Несколько минут они сидели молча, занятые чаем. Сердито посапывал чайник на плитке, пахло полем, покосом.

– Ты заметила: в «Слове» о Боге и не поминается. Что есть в конце, так это уже более поздняя доработка, приписка… Ум и чувства автора «Слова» еще не были засорены христианской культурой. Он от нее умышленно отгораживался. Потому мы сейчас и восхищаемся!.. Нам радоваться надо, что «Слово» дошло до нас почти без христианской редакции. А вот «Повести временных лет» не повезло: ее, пожалуй, сорок раз редактировали… Боян-то – кто?

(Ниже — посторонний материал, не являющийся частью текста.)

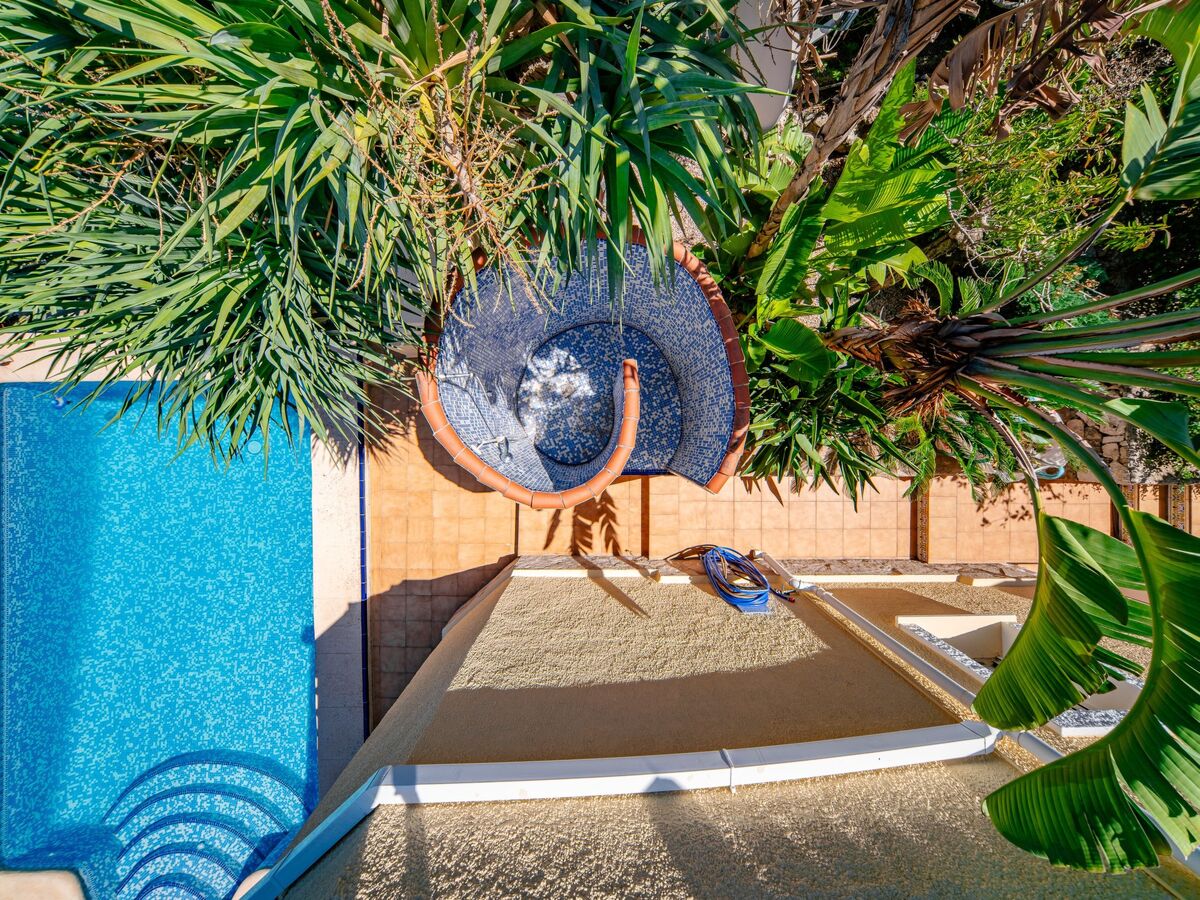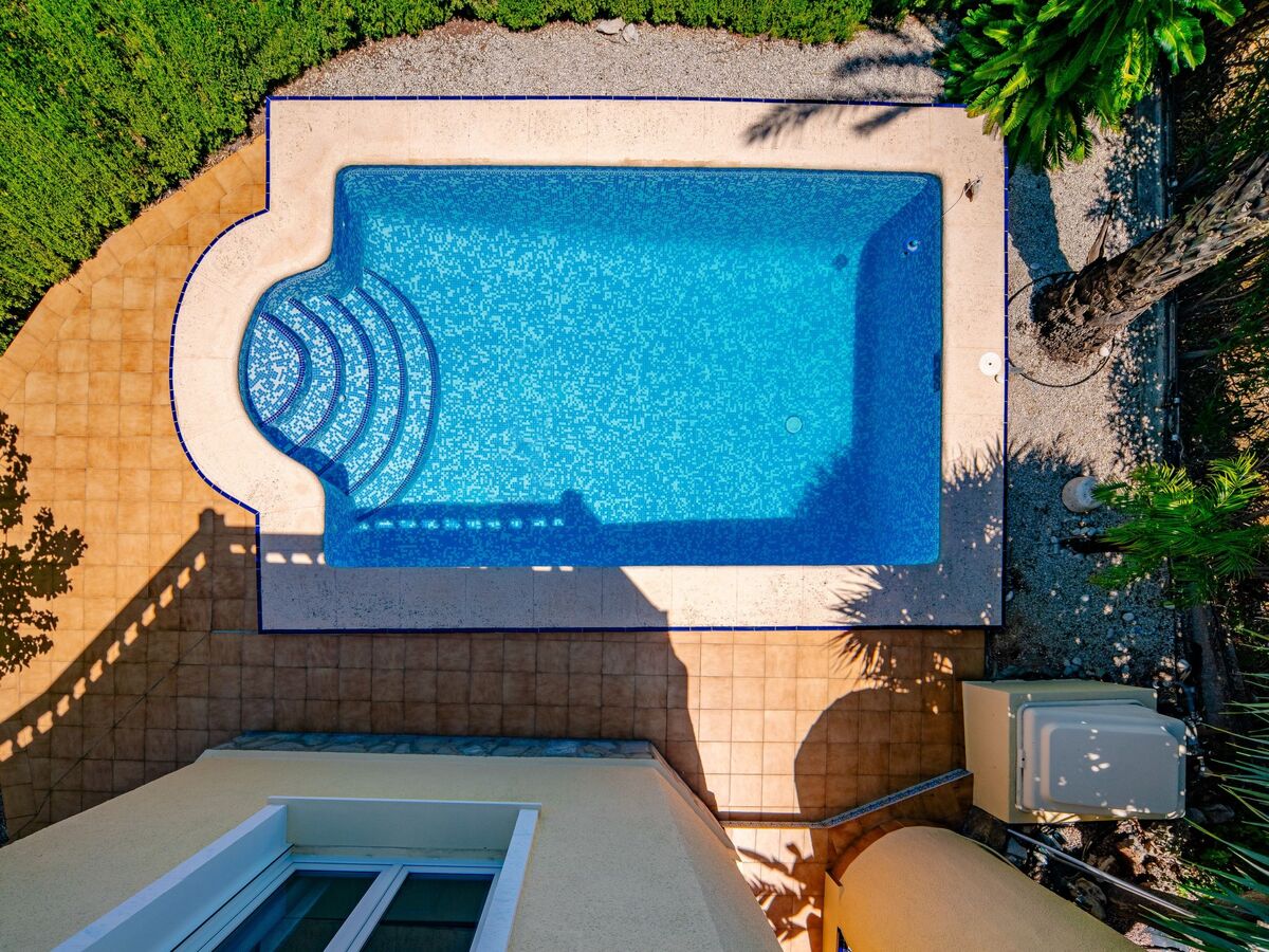 A usage privé: grand, beau jardin sur plusieurs niveaux entretenu, piscine rectangulaire (6 x 4 m, profondeur 120 - 170 cm, disponibilité saisonnière: 01.Jan.

Язычник, внук Белеса… – Гудошников перевел дух, взглянул на собеседницу:

– Ну, что молчишь?

– Я слушаю, – прошептала Таня. – Нам на лекциях говорили, что христианство послужило толчком к развитию литературы на Руси… И письменности…

– Я с этим согласен: послужило… Но мы привыкли учитывать лишь то, что послужило, а что взято и уничтожено – никто не считал и не считает. Христианство увело развитие древнерусской литературы по другому руслу, по тому, которое было выгодно религии. И не случайно много литературных памятников эпохи христианства сохранилось. Вера-то книжная, книги береглись. И наоборот, еретические сочинения уничтожались. Народ слишком вольный был, непокорный. Почему нас «Слово» притягивает, завораживает? А человек в «Слове» – вольный! Сильный там человек, красивый! Он как горностай, как сокол под облаками! Он там с природой говорит как с ровней. И голос у человека сильный! «Девицы поют на Дунае – вьются голоса через море до Киева!» А христианству надо было этого человека в церковь загнать, в теснину, на колени его перед Богом поставить, с червем земным сравнять, адом напугать… Помните «Житие Александра Невского»? Это был русский человек, но каким же его христианство показало?.. Каким ему нужно было, таким и показало. А как бы воспел его Боян, соловей старого времени? «…скача по мысленному древу, летая умом под облаками, свивая славу обоих половин этого времени, рыща по тропе Трояна через поля на горы…» – Он помолчал, одним глотком допил чай и со стуком поставил стакан. Таня вздрогнула. – Но – увы! – «Слово» одиноко! И о Невском уже некому было сказать старыми словесами…

Он круто развернулся и похромал в кабинет.

– Я не совсем вас поняла, – проронила Таня, ступая следом. – Но я потом все обдумаю и…

– А все и не надо понимать, – на ходу бросил Никита Евсеич, – сначала надо больше чувствовать… Понятие потом само придет. Я и говорю тебе: рано за «Слово» браться. Ты думай о нем и молчи. Как только созреешь, от ветки отпадешь – тогда говорить начинай.

– А как же с уроком? Я же хотела провести урок…

– И проводи! – Гудошников обернулся. – Как задумала, так и делай.

– Я им хотела показать…

– Показать? А почему бы и не показать? Обязательно показать! – Он взял ключи из ящика стола и решительно направился к двери хранилища. – И не только показать – дать пощупать. Как говорят: русский глазам не верит… – Он отомкнул замки, распахнул дверь. – Проходи сюда!

Таня робко шагнула через порог, остановилась.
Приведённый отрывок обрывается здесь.